Out-of-network claims were incurred by 12.1 percent of commercially insured patients who underwent elective colonoscopy between 2012 and 2017, according to a study published online Oct. 12 in the Annals of Internal Medicine.
James M. Scheiman, M.D., from the University of Virginia in Charlottesville, and colleagues estimated the prevalence, amount, and source of out-of-network claims for commercially insured patients undergoing elective colonoscopy. Data were included for 1,118,769 elective colonoscopies with in-network endoscopists and facilities.

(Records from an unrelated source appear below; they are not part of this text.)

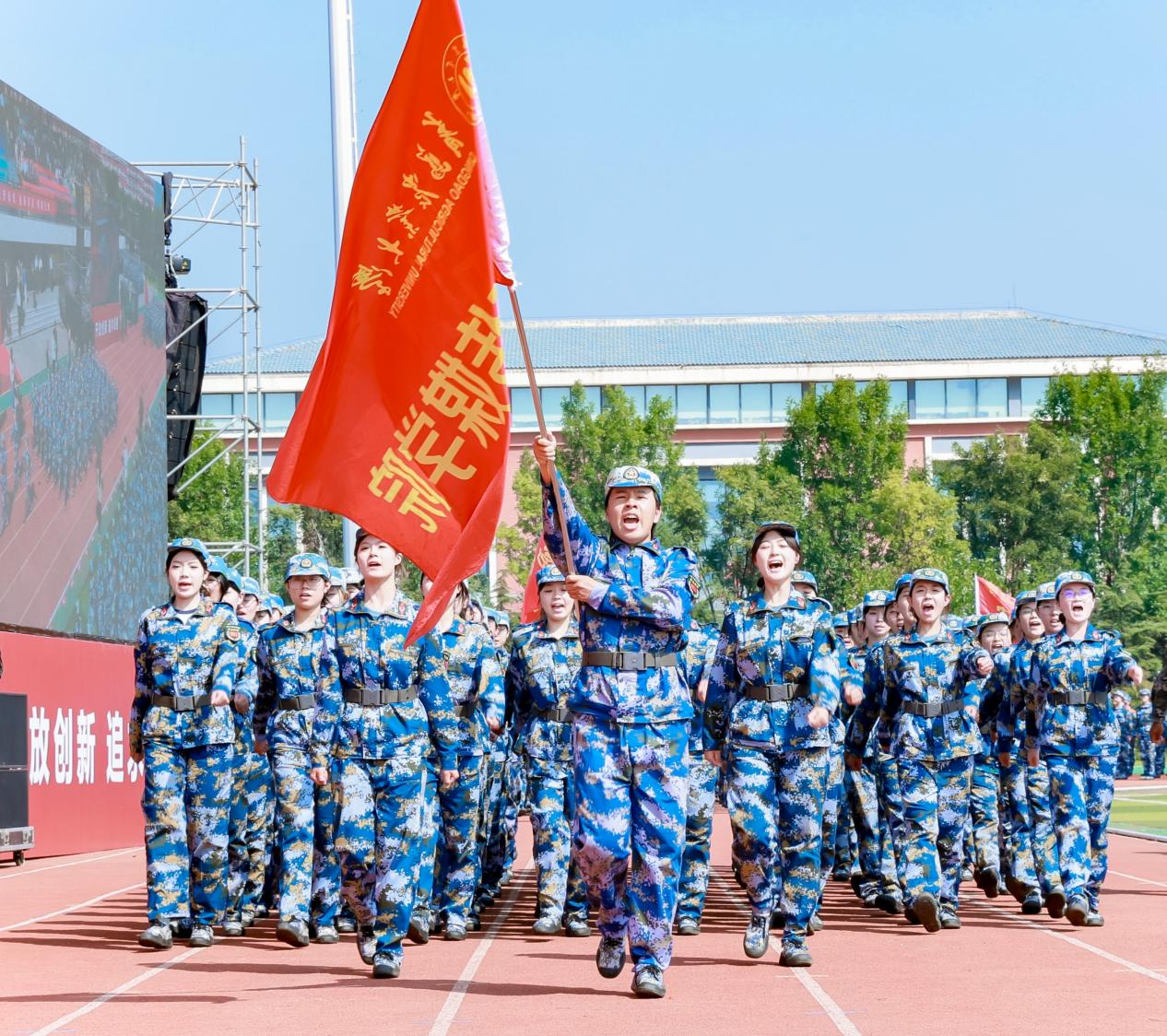 汇演场上,旌旗飘扬、英姿飒爽。太阳集团tyc151cc2025级新生军容严整、目光坚定,步伐铿锵有力,口号响彻云霄,全面展示了两周军训淬炼出的过硬素质与优良作风,生动诠释了传媒学子坚韧不拔、斗志昂扬的精神风貌。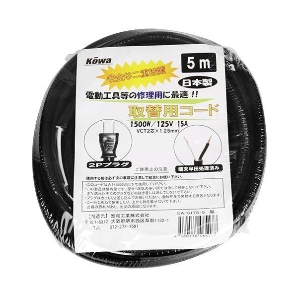 【商品説明】電動工具用補修用コードです。【用途】15A3メートル2芯修理用コード。【機能・特長】端末はハンダ処理済です。電動工具コードなどの修理に最適です。【材質】導体:銅線。栓刃:黄銅。被覆:塩化ビニル。【仕様】●定格:15A・125V。●色:黒。●電線サイズ:VCT2芯X1.25sq。●長さ:5M。●2Pプラグ。●端末半田処理済。【注意事項】このコードは合計1500W以下で使用して下さい。この製品は屋内型です(屋外・湿気の多い場所では決して使用しないで下さい)。濡れた手でのプラグなどの抜き差しは決してしないで下さい。プラグはきっちりと差し込んでお使いください(接触不良で発熱する原因となります)。コードは束ねて使用したり、上から物を載せないで下さい(焼損の恐れがあり、火災の原因になります)。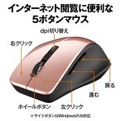 バッファロー マウス 無線 ワイヤレス 静音 5ボタン 【戻る/進むボタン搭載】dpi切替 BlueLED ベージュピンク BSMBW325BP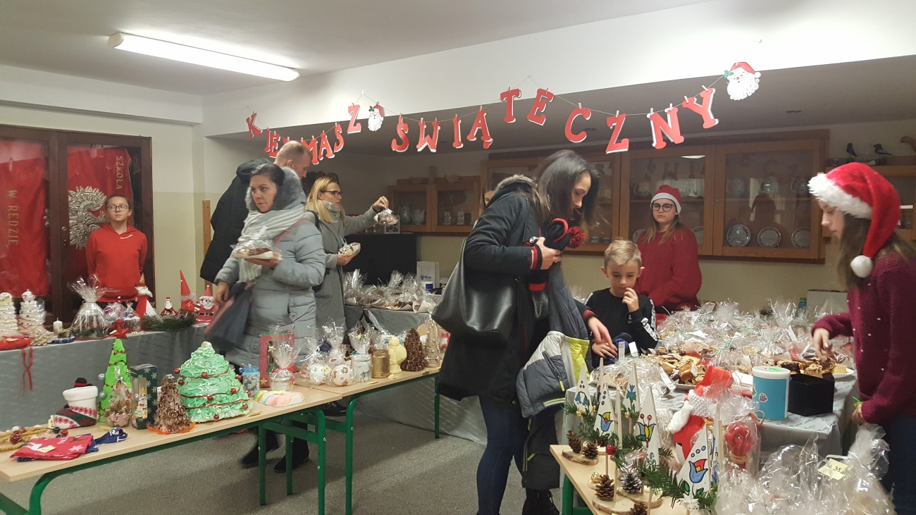 We wtorek 10.12.2019r. odbył się Szkolny Kiermasz Świąteczny. Od rana panował świąteczny nastrój i miły klimat. Dzieci chętnie zaangażowały się do udziału przez obsługę i sprzedaż świątecznych ozdób i ciast. Nie brakowało małych i dużych klientów.

The researchers found that 12.1 percent of the endoscopies involved out-of-network claims, with a median potential surprise bill of $418. Sixty-four percent of the cases involved out-of-network anesthesiologists (median potential surprise bill, $488), while 40 percent involved out-of-network pathologists (median potential surprise bill, $248). Compared with cases without intervention, when an intervention was done during colonoscopy, the likelihood of an out-of-network claim was significantly higher (13.9 versus 8.2 percent). When interventions were performed, 56 and 51 percent of potential surprise bills involved anesthesiologists and pathologists, respectively. Ninety-five percent of surprise bills involved anesthesiologists in cases with visual inspection only.
“It is essential to develop tools that provide patients an estimate of their financial responsibility before their colonoscopy is done and better protect them from potential financial harm,” the authors write.
Two authors disclosed ties to the health insurance industry and one disclosed ties to the pharmaceutical industry.